Однако Госпожа считала, что порка раз в неделю — это мало, а потому никогда не упускала случая, придравшись к чему-нибудь, выпороть провинившегося и посредине недели. И мы очень старались, чтобы этого не произошло. Как-то одно время летом еженедельная порка розгами была заменена на ежедневное (по три раза в день, как минимум) сечение крапивой, но продолжалось это недолго. Если Госпоже случалось куда-нибудь уехать на продолжительный срок, скажем, например, по делам своего бизнеса или на отдых, то никаких наказаний в ее отсутствие, разумеется, не было, но потом все недополученные удары возмещались сполна. Иногда, чтобы усилить эффективность наказания, Госпожа наносила удары не поперек, то есть по двум ягодицам сразу, а вдоль, то есть сначала по одной, а потом по другой половинке. В таком случае, хоть на каждую половинку и приходилось по двадцать пять ударов, но в общей сложности, так как их количество удваивалось, их получаюсь пятьдесят. Бывало, что после экзекуции Госпожа посылала нас куда-то с каким-либо поручением, так что нам приходилось по дому ходить пешком или ездить в общественном транспорте, а так как для этого, понятное дело, нам нужно было одевать трусы со штанами, то боль, несколько притихавшая после окончания процедуры, от постепенного натирания материей начинала полыхать с новой силой. По праздникам в доме Госпожи часто собирались ее друзья и знакомые, с которыми она устраивала шумные вечеринки, где все было пропитано духом разврата и садомазохизму. А мне со Светкой приходилось их обслуживать. При этом разогретые спиртным дамы запросто могли оттрахать любого из нас в задницу, понятное дело, что не без некоторых искусственных приспособлений. Впрочем, сделать это могли и мужчины, но это уже со Светкой, так как право никоим образом нe совокупляться с мужчинами я себе выторговал заранее.

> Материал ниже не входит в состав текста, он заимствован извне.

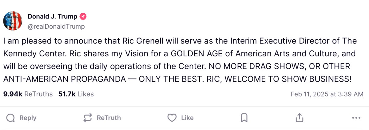 There’s no better place to look than the president’s Truth Social account. He appointed Ric Grenell, his foreign policy advisor, as the interim executive director of the Kennedy Center. ” Trump’s social media post said the quiet part out loud.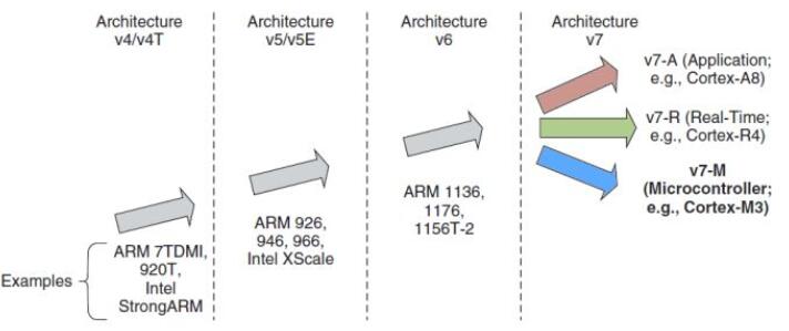 6.ARM結構的發展V4(ARM7)、V5(ARM9)、V6(ARM11)、V7A/R/M(Cortex系列)

В общем, все происходящее мне нравилось, и я был бы просто счастлив, если бы это могло продолжаться до сегодняшнего дня. Но так не случилось, и виноват в этом в какой-то степени я сам. Как и всякому сексуально-полноценному мужчине, мне для удовлетворения требовалась возможность регулярных отношений с женщинами. Оба мы со Светкой не сидели на привязи и имели возможность свободно выходить из дома. Но согласитесь, что молодому человеку с постоянно исполосованной розгами задницей весьма затруднительно найти себе партнершу на стороне. Приводилось искать в резко ограниченных пределах. Идеальным вариантом был бы секс с Госпожой, но она считала это совершенно неприемлемым и с самого начала ясно дала мне понять, что мой член никогда не окажется у нее внутри.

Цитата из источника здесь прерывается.